Originally Posted by MrJank
https://gyazo.com/defe1638bbbf385f343684bd6c024c3c
So I know what proof by cases is... and I know how to prove problems like If n^2 is even, then n is even.
I got lost when the problems involve sets and intersection/unions..
Could someone explain this to me Barney-style?
Why don't you learn to post symbols? Many here will not click on a link.
It is really easy: \$A\cap(B\cup C)=(A\cap B)\cup(A\cap C)\$ gives $A\cap(B\cup C)=(A\cap B)\cup(A\cap C)$

4. ## Re: Proof by cases to prove distributive law for sets

The problem is to prove that "$\displaystyle A\cap (B\cup C)= (A\cap B)\cup (A\cap C)$

To prove that "set X= set Y" do two "cases"
1) show that "if p is in X then p is in Y".
2) show that "if p is in Y then p is in X".

1) "If p is in $\displaystyle A\cap(B\cup C)$ then p is in $\displaystyle (A\cap B)\cup (A\cap C)$"
If p is in $\displaystyle A\cap (B\cup C)$ then p is in A and in $\displaystyle B\cup C$
Since p is in $\displaystyle B\cup C$ then either p is in B or p is in C so we have two "subcases":
1a) p is in B. Then since p is in A and in B p is in $\displaystyle A\cap B$ and so in $\displaystyle (A\cap B)\cup (A\cap C)$.
1b) p is in C. Then since p is in A and in C p is in $\displaystyle A\cap C$ and so in $\displaystyle (A\cap B)\cup (A\cap C)$.
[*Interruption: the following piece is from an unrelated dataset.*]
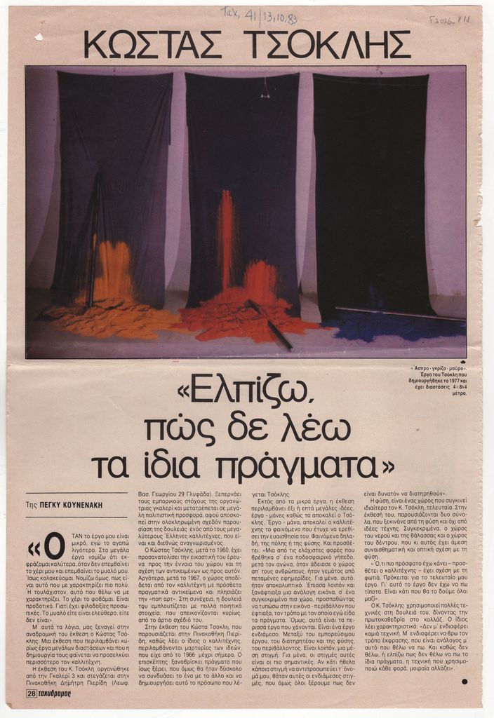 Spiteris Tonis (1910 - 1986) ; Katraki Vaso (1914 - 1988) ; Spiteri-Veropoulou Ioanna (1920 - 2000) ; José Pierre ; Michalis Katzourakis ; Fassianos Alekos (1935 - 2022) ; Simossi Gabriela (1926 - 1999) ; Tsoclis Costas (1930) ; Opy Zouni (1941 - 2008) ; Gaitis Yannis (1923 - 1984) ; Mytaras Dimitris (1934 - 2017) ; Karas Christos (1930 - 2023) ; Denis Schneider ; Vernadaki Eleni (1933) ; Takis (Vassilakis Panayiotis) (1925 - 2019) ; Sperantzas Vassilis (1938) ; Alexis Akrithakis (1939 - 1994) ; Achilleas Droungas (1940) ; Theofylaktopoulos Makis (1939 - 2023) ; Kaniaris Vlassis (1928 - 2011) ; Karavouzis Sarantis (1938 - 2011) ; Θεόδωρος Μανωλίδης (1940)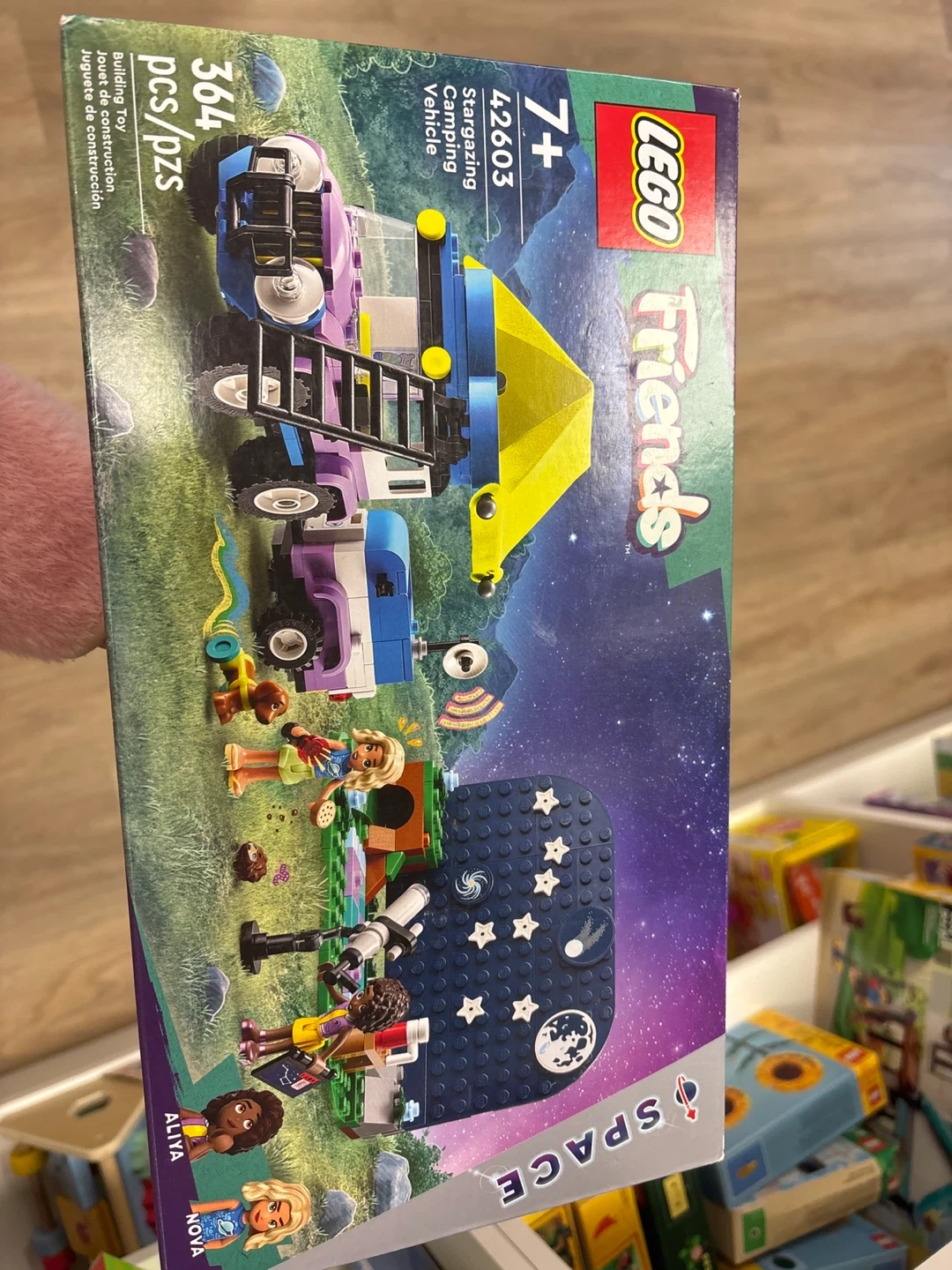 This is the LEGO Friends Stargazing Camping Vehicle set, model 42603. It includes 364 pieces. It's designed for ages 7 and up and features a camping vehicle perfect for imaginative play.

2) "If p is in $\displaystyle (A\cap B)\cup (A\cap C)$ then p is in $\displaystyle A\cap(B\cup C)$".
Since p is in $\displaystyle (A\cap B)\cup (A\cap C)$ p is either in $\displaystyle A\cap B$ or p is in $\displaystyle A\cap C$
so again we have two "subcases":
2a) if p is in $\displaystyle A\cap B$ then p is in both A and B. Since p is in B, b is in $\displaystyle B\cup C$ so p is in $\displaystyle A\cap(B\cup C)$.
2b) if p is in $\displaystyle A\cap C$ then p is in both A and C. Since p is in C, b is in $\displaystyle B\cup C$ so p is in $\displaystyle A\cap(B\cup C)$.

5. ## Re: Proof by cases to prove distributive law for sets

Originally Posted by MrJank
I got lost when the problems involve sets and intersection/unions..
Could someone explain this to me Barney-style?
In thirty-five years of teaching this course, I have never heard of Barney-style.
If $x\in A\cap(B\cup C)$ means that $x\in A$ AND $x\in B\cup C$
$x\in B\cup C$ means that $x\in B$ OR $x\in C$
Putting those two together we get:
$x\in A~\&~x\in B$ OR $x\in A~\&~x\in C$
Thus $x\in (A\cap B)\cup(A\cap C)$

At least you can show some effort to do the reverse.

6. ## Re: Proof by cases to prove distributive law for sets

Originally Posted by Plato
In thirty-five years of teaching this course, I have never heard of Barney-style.
I hate to say I recognize the reference but he's referring to "Barney the Purple Dinosaur." In other words, in simple terms.

-Dan

7. ## Re: Proof by cases to prove distributive law for sets

I thought maybe "Deputy Barney" of the Andy Griffeth Show (In reruns called "Andy of Mayberry").